The distance between two clusters is defined as the maximum distance between a point in \(C_i\) and a point in \(C_j\):

Note

\(\delta(C_i,C_j)=\max\{\lv\x-\y\rv|\x\in C_i,\y\in C_j\}\)

Group Average

The distance between two clusters is defined as the average pairwise distance between points in \(C_i\) and \(C_j\):

Note

\(\dp\delta(C_i,C_j)=\frac{\sum_{\x\in C_i}\sum_{\y\in C_j}\lv\x-\y\rv}{n_i\cd n_j}\)

where \(n_i=|C_i|\) denotes the number of points in cluster \(C_i\).

Mean Distance

The distance between two clusters is defined as the distance between the means or centroids of the two clusters:

Note

\(\delta(C_i,C_j)=\lv\mmu_i-\mmu_j\rv\)

where \(\mmu_i=\frac{1}{n_i}\sum_{\x\in C_i}\x\).

Minimum Variance: Ward’s Method

The sum of a squared errors (SSE) for a given cluster \(C_i\) is given as

\[ \begin{align}\begin{aligned}SSE_i&=\sum_{\x\in C_i}\lv\x-\mmu_i\rv^2\\&=\sum_{\x\in C_i}\lv\x-\mmu_i\rv^2\\&=\sum_{\x\in C_i}\x^T\x-2\sum_{\x\in C_i}\x^T\mmu_i+\sum_{\x\in C_i}\mmu_i^T\mmu_i\\&=\bigg(\sum_{\x\in C_i}\x^T\x\bigg)-n_i\mmu_i^T\mmu_i\end{aligned}\end{align} \]

The SSE for a clustering \(\cl{C}=\{C_1,\cds,C_m\}\) is given as

\[SSE=\sum_{i=1}^mSSE_i=\sum_{i=1}^m\sum_{\x\in C_i}\lv\x-\mmu_i\rv^2\]

After simplification, we get

Note

\(\dp\delta(C_i,C_j)=\bigg(\frac{n_in_j}{n_i+n_j}\bigg)\lv\mmu_i-\mmu_j\rv^2\)
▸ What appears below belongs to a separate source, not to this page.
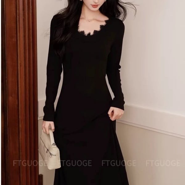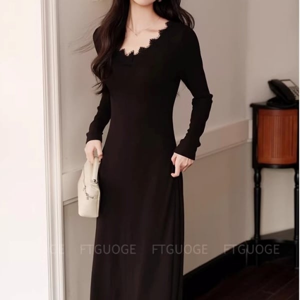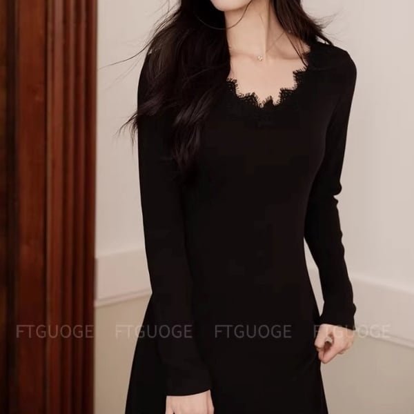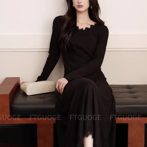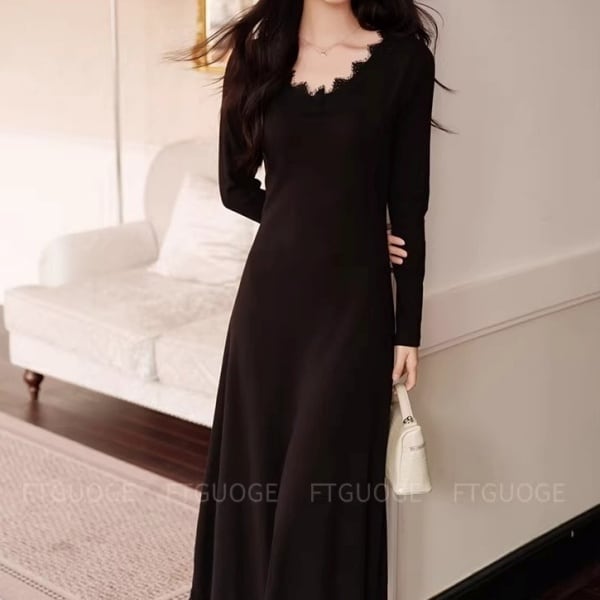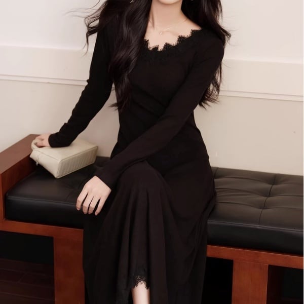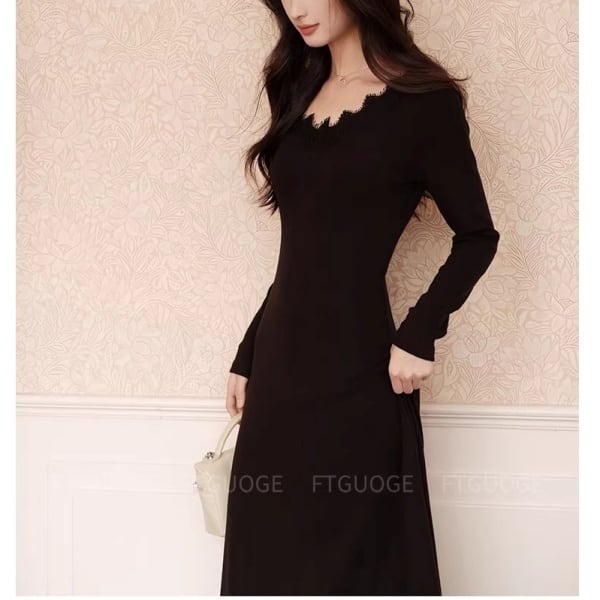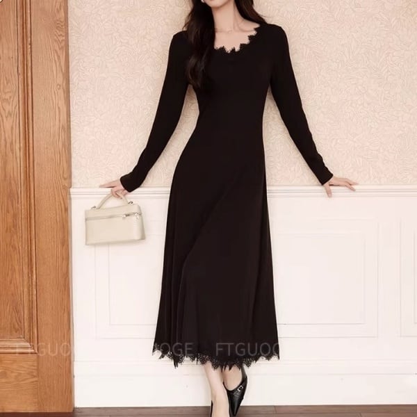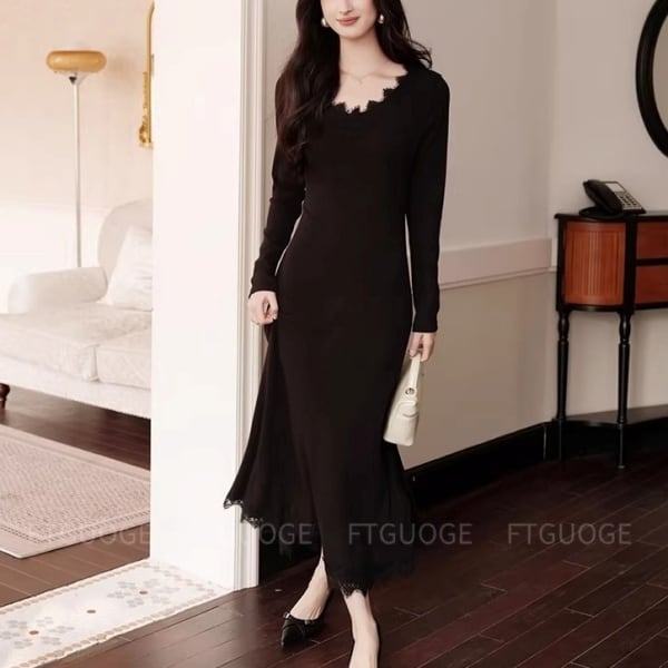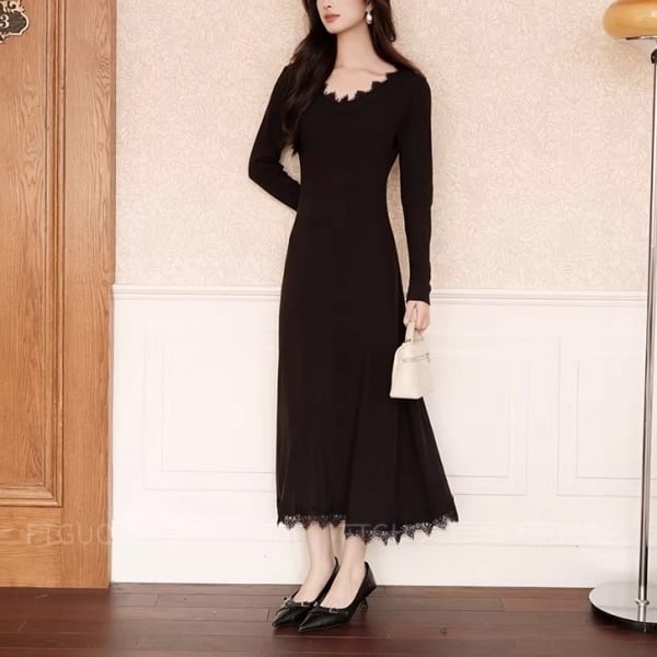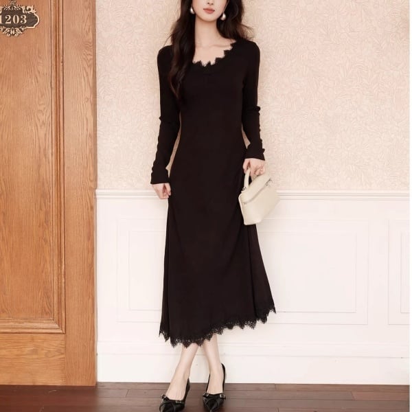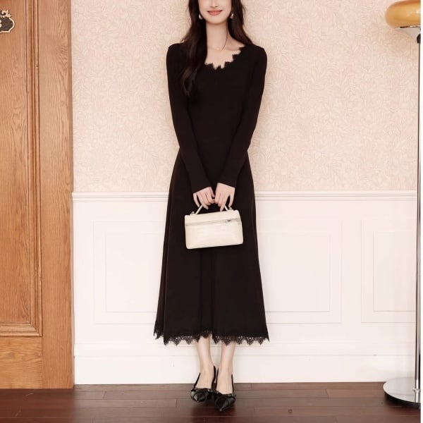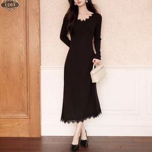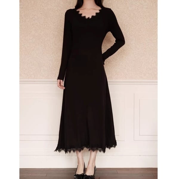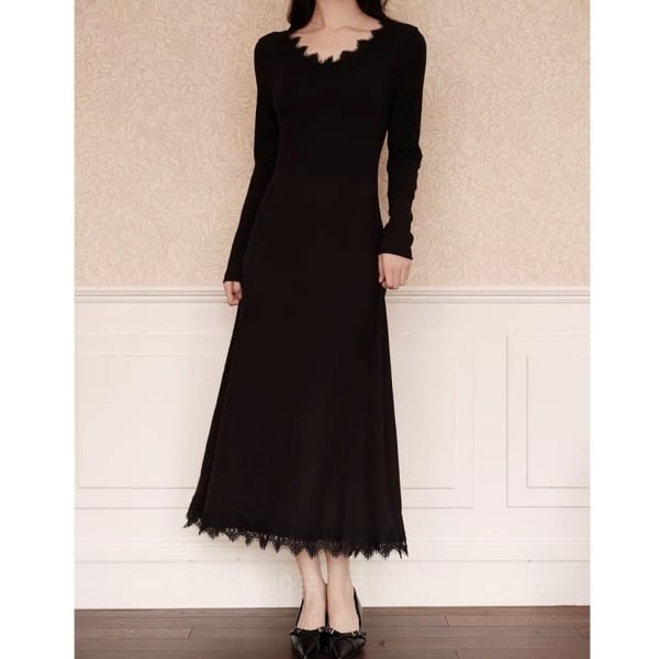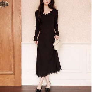 スカラップレース Vネック ロング ワンピース 239037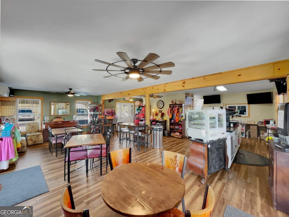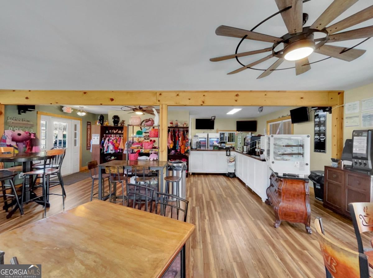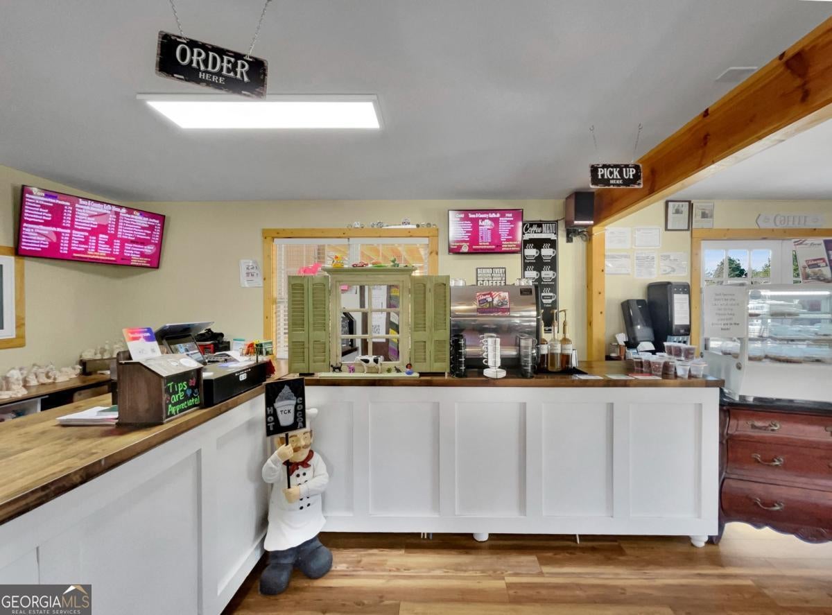 Presenting a rare and dynamic commercial offering in downtown Crawford-home to a highly visited cafe celebrated for its handcrafted artisan creations and unique, crowd-pleasing menu. This property is thoughtfully designed with a complete commercial kitchen, multiple welcoming dining spaces, an expansive outdoor deck for entertainment, and convenient on-site parking. The business is well established with a strong customer following and operates as a true turnkey opportunity, with the real estate, successful cafe operation with all equipment included and options for rental income too. DETAILS: *1906 SqFt. *Year Built: 2000. *Renovated 2023 *1.04 Acre Lot. *2 ADA Guest Restrooms *1 Full Bath. SPECIAL FEATURES: -Durable Luxury Vinyl Plank Flooring -Neutral Paint Palette Throughout -Decorative Light Fixtures and Custom Ceiling Fans. -Retail Counter space. COMMERCIAL KITCHEN: -Tile Floors -Stainless Sinks & Sanitation Station -10 Burner Stove & Oven -Vent Hood -Fry Center -Prep Tables -Pass-thru Window -Pantry with shelving and prep counter -Commercial Refrigerator & Freezer -Updated LED Lighting -Delivery Door Access. SECOND FLOOR: -1-2 Bedroom Options -Full Bath -Kitchenette -Private Upper Deck Access. --Adding exceptional value is the fully finished upper-level apartment, featuring a centrally located kitchenette with access to the upper deck, and Full Bath with storage and updated shower. -2 Optional Bedrooms or Living Space flanks the kitchen area, each with carpet flooring, and oversized closets. This dynamic addition is perfect for owner living while conducting your business below, employee housing, long-term rental, or even Airbnb use. EXTERIOR: ~1500+/-sqft., Oversized Covered Deck extending to a Wrap-Around Open-Air Deck. ~10 Parking Spots. ~Ramp Entry. ~Side Entry for deliveries. ~Road Signage. ~Gutter System. ~Brick & Vinyl Exterior. This versatile property offers the rare ability to live, work, or generate additional income, making it an outstanding investment in a growing and vibrant community. Welcome to the Town & Country Kafe!!

14.2.2 Updating Distance Matrix

Whenever two clusters \(C_i\) and \(C_j\) are merged into \(C_{ij}\), we need to update the distance matrix by recomputing the distances from the newly created cluster \(C_{ij}\) to all other clusters \(C_r\) (\(r \ne i\) and \(r \ne j\)). The Lance–Williams formula provides a general equation to recompute the distances for all of the cluster proximity measures we considered earlier; it is given as

Note

\(\delta(C_{ij},C_r)=\alpha_i\cd\delta(C_i,C_r)+\alpha_j\cd\delta(C_j,C_r)+\beta\cd\delta(C_i,C_j)+\gamma\cd|\delta(C_i,C_r)-\delta(C_j,C_r)|\)

The coefficients \(\alpha_i,\alpha_j,\beta\) and \(\gamma\) differ from one measure to another.

14.2.3 Computational Complexity

The computational complexity of hierarchical clustering is \(O(n^2\log n)\).